Figure 3.Gene expression in cultured primary human islets following challenge with CVB4 or poly I:C. The heat map depicts the five clusters of genes that have at least twofold change compared with mock in the average of the four replicates. The color bar highlights five clusters obtained after k-means clustering. Genes in boldface are also found in Table 1. Averages for four independent human donors were used. Time points are indicated. Average CVB copies per condition, measured by NanoString, are shown in the bottom panel; error bars represent the standard deviation.
Figure 4.Gene expression in EndoC-βH1 cells following challenge with CVB4 (MOI of 10) compared with mock.
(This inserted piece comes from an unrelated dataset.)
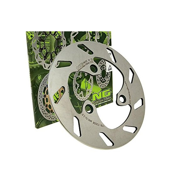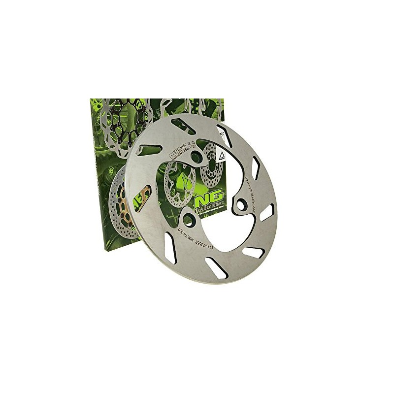 Der Bremsscheibenspezialist NG Brake Disc ist ein spanisches Familienunternehmen, welches seit mehr als 20 Jahren Bremsscheiben für Motorräder, Roller, Quad und ATV produziert. Mehr als 30 namhafte europäische und japanische Fahrzeughersteller vertrauen auf die Spitzenqualität von NG und rüsten ihre Fahrzeuge ab Werk mit NG gefertigten Bremsscheiben aus. Als einer der wenigen Hersteller verfügen alle NG Bremsscheiben über eine Zertifizierung des TÜV Rheinland und dürfen im öffentlichen Straßenverkehr gefahren werden. Die Allgemeine Betriebserlaubnis des Kraftfahrtbundesamtes KBA wird bei jeder Bremsscheibe mitgeliefert. Die OEM Version entspricht in den Abmessungen komplett der Originalbremsscheibe. Das Design kann jedoch bei einigen Modellen abweichen. Straßenzulassung des Kraftfahrtbundesamtes: ja Außendurchmesser: 180mm Innendurchmesser (Aufnahme): 58mm Stärke: 3,5mm Löcher: 3 Lochdurchmesser: 8,5mm Typ: Standard passt auch auf: PEUGEOT ELYSEO 50 - 2003 - REAR ELYSTAR 50 - REAR SPEEDFIGHT 2 50 L - 2001 / 2002 - FRONT SPEEDFIGHT 2 50 L - 2001 / 2002 - REAR SPEEDFIGHT 2 50 L / 2 50 N - 2001 / 2002 - FRONT SPEEDFIGHT 2 50 L / 2 50 N - 2001 / 2002 - REAR SPEEDFIGHT 2 50 N / 2 50 ND - 2001 / 2002 - FRONT SPEEDFIGHT 2 X RACE L/N/ND - 2001 / 2002 - FRONT SPEEDFIGHT 2 X RACE L/N/ND - 2001 / 2002 - REAR SPEEDFIGHT 50 AIR KAT - 1999 - FRONT SPEEDFIGHT 50 H2O - 1997 / 1998 - FRONT SPEEDFIGHT 50 PROST - 1999 / 2000 - FRONT SPEEDFIGHT 50 X PRO - 1999 / 2000 - REAR SPEEDFIGHT 50 X PRO - 1999 / 2000 - FRONT SPEEDFIGHT X TEAM AIR / LC - 1999 / 2000 - FRONT X-FIGHT 50 - 2000 / 2001 - FRONT X-FIGHT 50 - 2000 / 2001 - REAR X-FIGHT 50 AIR / H2O / LC - 2000 - FRONT X-FIGHT 50 AIR / H2O / LC - 2000 - REAR ELYSEO 100 - 2003 - REAR SPEEDFIGHT 100 / PROST - 1997 / 2002 - FRONT SPEEDFIGHT 100 / PROST - 1997 / 2002 - REAR SPEEDFIGHT 2 100 NT - 1997 / 2002 - REAR SPEEDFIGHT 2 100 NT - 1997 / 2002 - FRONT 176 4250362494344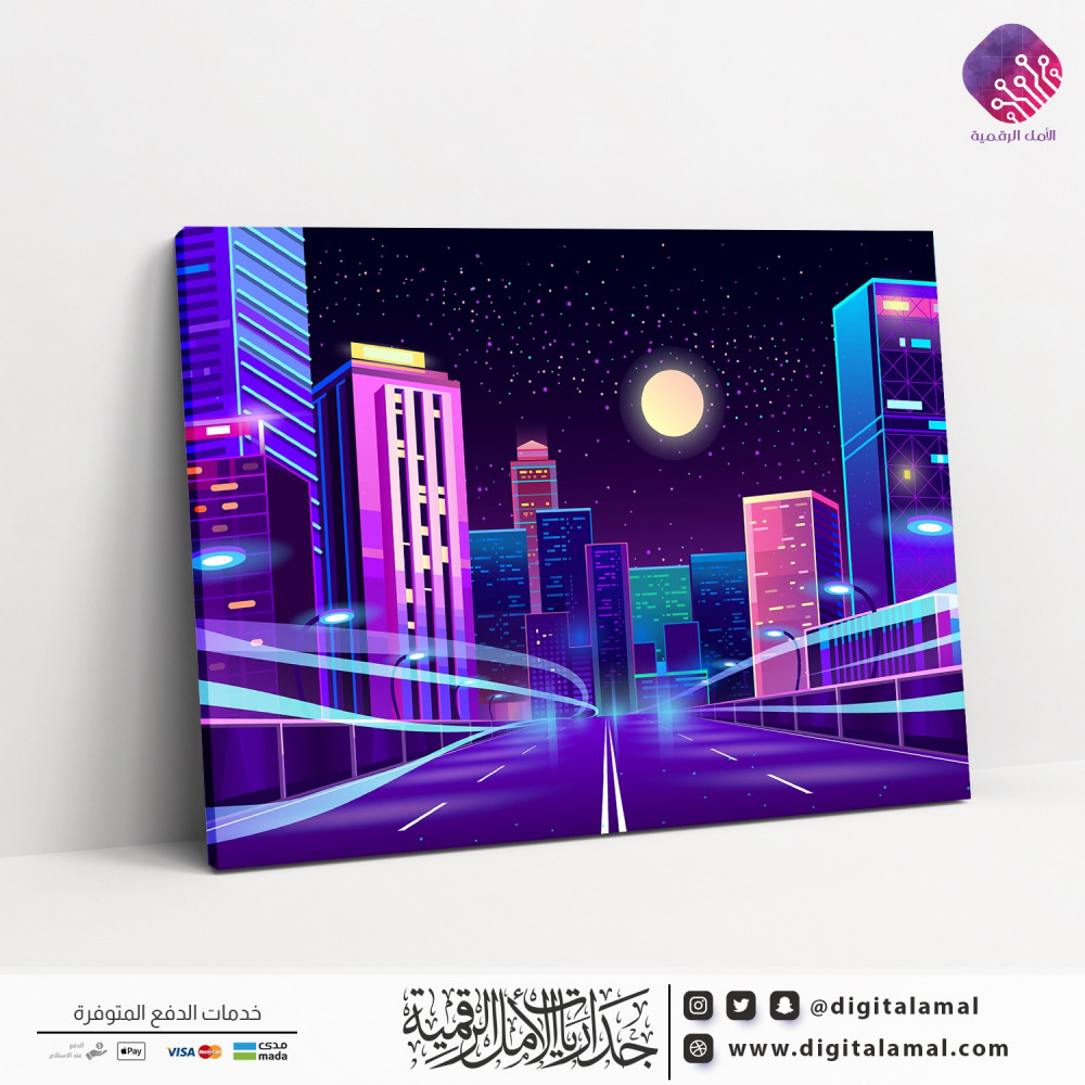 لوحة جدارية لإحدى المدن وفي الخلف قمر عملاق-لوحة جدارية مطبوعة بجودة ودقة عالية على خامة الكانفاس مع إطار مخفي ومصممة باحترافية وبعناية بأجود أنواع الأحبار لتتماشى مع مختلف أنواع الديكورات العصرية.

The heat map shows five clusters obtained after k-means clustering of genes having at least a twofold change with CVB4 compared with mock. Clusters 1, 3, 4, and 5 have genes induced with CVB4. Cluster 2 (light blue) has genes downregulated with CVB4, including INS. Averages for three independent experiments were used. Time points are indicated. Average CVB copies per condition, measured by NanoString, are shown in the bottom panel; error bars represent the standard deviation.